Andrea Schuitema is a freshman veterinary technology major from Harleysville, Pennsylvania. Schuitema graduated from North Penn High School.  Her transition from a large high school to a small college has been a positive one. “There are 3,000 students at [my high school]. I am an introvert, so getting to meet new vet tech students in a smaller setting early on was really helpful to me,” says Schuitema.

The W.W. Smith Scholarship has provided a great financial relief to Schuitema, a resident student at Manor College. Her goal is to receive her vet tech certification in the next two years and begin working in the field.

Cody Bane is also a freshman veterinary technology student from Abington who chose Manor College specifically for the veterinary technology program and its stellar reputation.  Bane is a hard-worker; he is working full-time while carrying a full-time academic load. He is particularly grateful for the W.W. Smith Scholarship. “The [W.W. Smith] scholarship helps out a lot! I am paying for everything myself, and money is tight.”

Dominique Calio is a freshman allied health science major. Calio is a graduate of St. Hubert Catholic High School for Girls in Philadelphia. She chose Manor because she loved the intimate size of the campus and student body. Calio is a resident at Manor and enjoys the convenience of not having to drive to campus on a regular basis.  She is also thankful for the support from the W.W. Smith Charitable Trust.  “It’s nice to be able to [communicate with] the people who gifted me with this amazing scholarship and to say thank you. I feel very grateful.”

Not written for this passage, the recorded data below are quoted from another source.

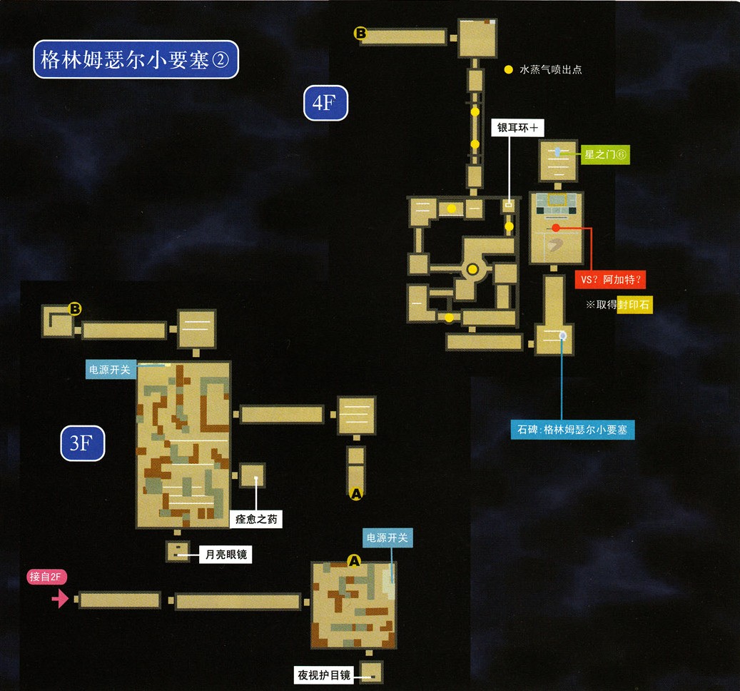 3F有两个房间一团漆黑,首先要找到"夜视护目镜",装好之后尽快找到电源开关恢复照明。4F要注意路上的蒸汽装置,接触会使队员受到HP损失。前方有石碑,准备好之后继续前进迎接BOSS战。BOSS战对手?阿加特?,敌人物理攻击力极强,一定要注意回复。战斗后不要着急离开,前面有一个星之门。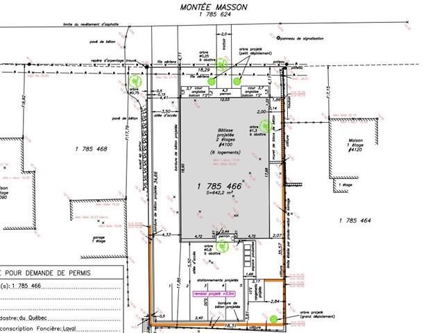 Terrain de 6 912 pi² vendu avec projet approuvé pour un 6 logements isolé (6 x 4 ½ spacieux de 1 050 pi²). Dossier clé en main incluant permis de construction et démolition, plans complets (architecture/structure) et rapports environnementaux. Situé au 4100 Mnt Masson. Évitez les délais administratifs et débutez votre investissement immédiatement. TPS/TVQ doivent être ajoutées au prix demandé (55332911)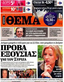 PROTO THEMA (Sunday)A rehearsal for power for SYRIZA It is the first time the Left has so much cash The battle over 2.5 billion euros to be disbursed by [newly elected regional governor] Rena Dourou is a key test Every move made by the new regional governor is being scrutinized by New Democracy and ‘comrades’. She has to deal with the 5 most influential dynasties in the country and the projects that are waiting. |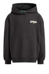 Sweat-shirt oversized de mélange de coton à application brodée avec imprimé pailleté dans le dos, broderie sur la poitrine et poche kangourou. Modèle à capuchon et manches longues.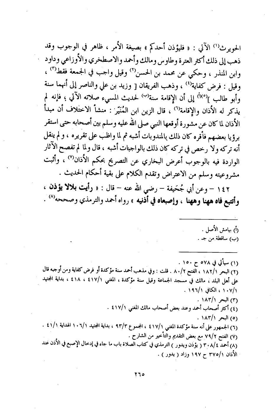 (¬6) الجمهور على أنه سنة مؤكدة المغني 1/ 417، المجموع 3/ 93، بداية المجهد 1/ 106 الهداية 1/ 41.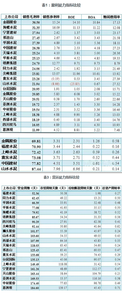 綜合比較,華潤(rùn)水泥、華新水泥、海螺水泥、塔牌集團(tuán)的整體營(yíng)運(yùn)能力排位靠前,不僅營(yíng)業(yè)周期較短,總資產(chǎn)的周轉(zhuǎn)效率也比較高;青松建化(600425,股吧)、中國(guó)建材、天山股份(000877,股吧)、冀東水泥(000401,股吧)在營(yíng)業(yè)周期和資產(chǎn)周轉(zhuǎn)方面的營(yíng)運(yùn)能力均有待提升。
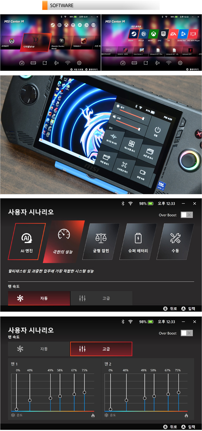 버튼과 터치로만 설정이 쉽게 않는 단점을 커버하기 위해 핸드헬스에 특화된 MSI 센터 M을 제공한다. 손쉽게 선할 수 있도록 아이콘이나 인터페이스가 구성되어 있으며 전용 버튼을 지원해 손쉽게 실행할 수 있다. 특히 빠른 설정을 지원해 주요 기능을 편하게 조정할 수 있으며 사용자 시나리오 지원으로 퍼포먼스를 원하는 대로 조정할 수 있다.
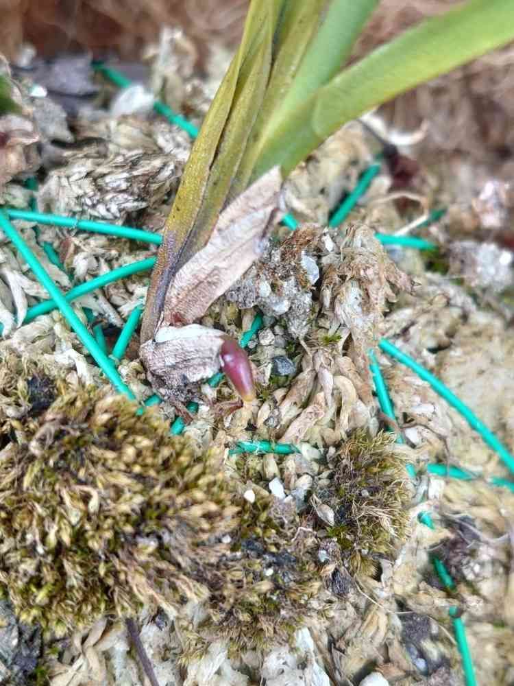 よくわからないまま見つけたときに近くにいた土や苔ごと水苔に巻き付けて置いといたら、赤ちゃんらしき突起が!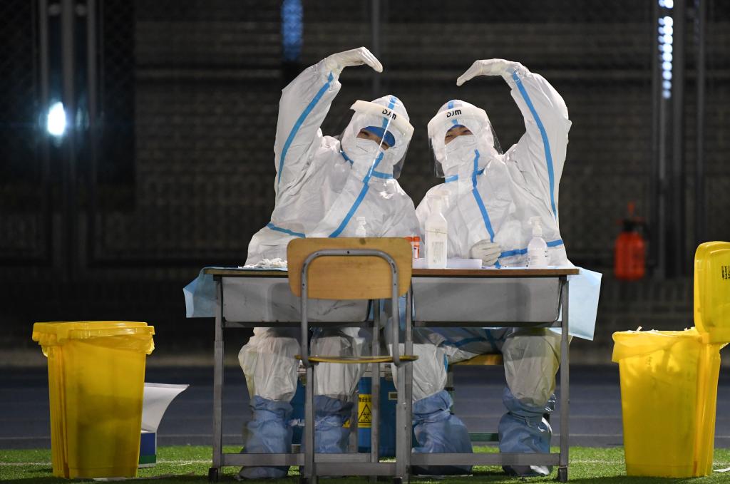 2022年1月10日凌晨,在天津市南開區鼓樓街道中營小學核酸檢測點,兩名醫務人員做出“比心”手勢。新華社記者 孫凡越 攝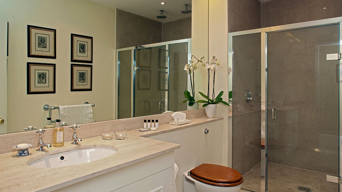 A door to the left of the fireplace leads into a corridor, off which open the three downstairs bedrooms.  They all have en-suite bathrooms or shower rooms.  The double room, the first on the right of the corridor, has a French door leading out onto the South terrace.  The magnificent king-size four-poster, faces the South terrace. The walls are painted a Farrow and Ball ochre.  There’s a sofa and a chair at the desk: it’s a good place to retreat to when there’s a lot going on elsewhere.  The en-suite shower, tiled in buff marble to match the top of the vanity unit, has a shower big enough for two.  Next door is a ravishing twin room with a distinctly French feel: the two nineteenth century French beds and the Louis XVI chair are upholstered in a red and white Colefax and Fowler toile de jouy to match the curtains.  The walls are grey, and there’s a sparkling Venetian glass mirror over the bureau.  Its en-suite shower room is tiled in grey and white Carrara marble.  The third, with two windows and a French door facing west onto the north terrace, has twin mahogany four-posters dressed in a Colefax and Fowler print of yellow roses on beige and off-white striped background and a beautiful nineteenth century secretaire.  The walls are a sludgy Farrow and Ball grey-green and the curtains off-white.  Like the other two, it has a comfortable sofa and chair and a writing table. The ensuite bathroom is tiled in beige marble: the bath has a Niagara tap and an overhead shower.

Manor College, along with our W.W. Smith Scholarship recipients would like to thank the Trustees of the W.W. Smith Charitable Trust for bestowing this scholarship to the Manor College community. Manor College continually works to make our tuition more affordable to our students and this scholarship has made a significant impact.

Eligible students for the W.W. Smith Scholarship are full-time undergraduate students in a degree-granting course of study. Permanent residents of Bucks, Chester, Delaware, Montgomery or Philadelphia counties in Pennsylvania, or the city of Camden in New Jersey. Students must be in good academic standings with a grade point average of 2.5 or better, and who have unmet financial need.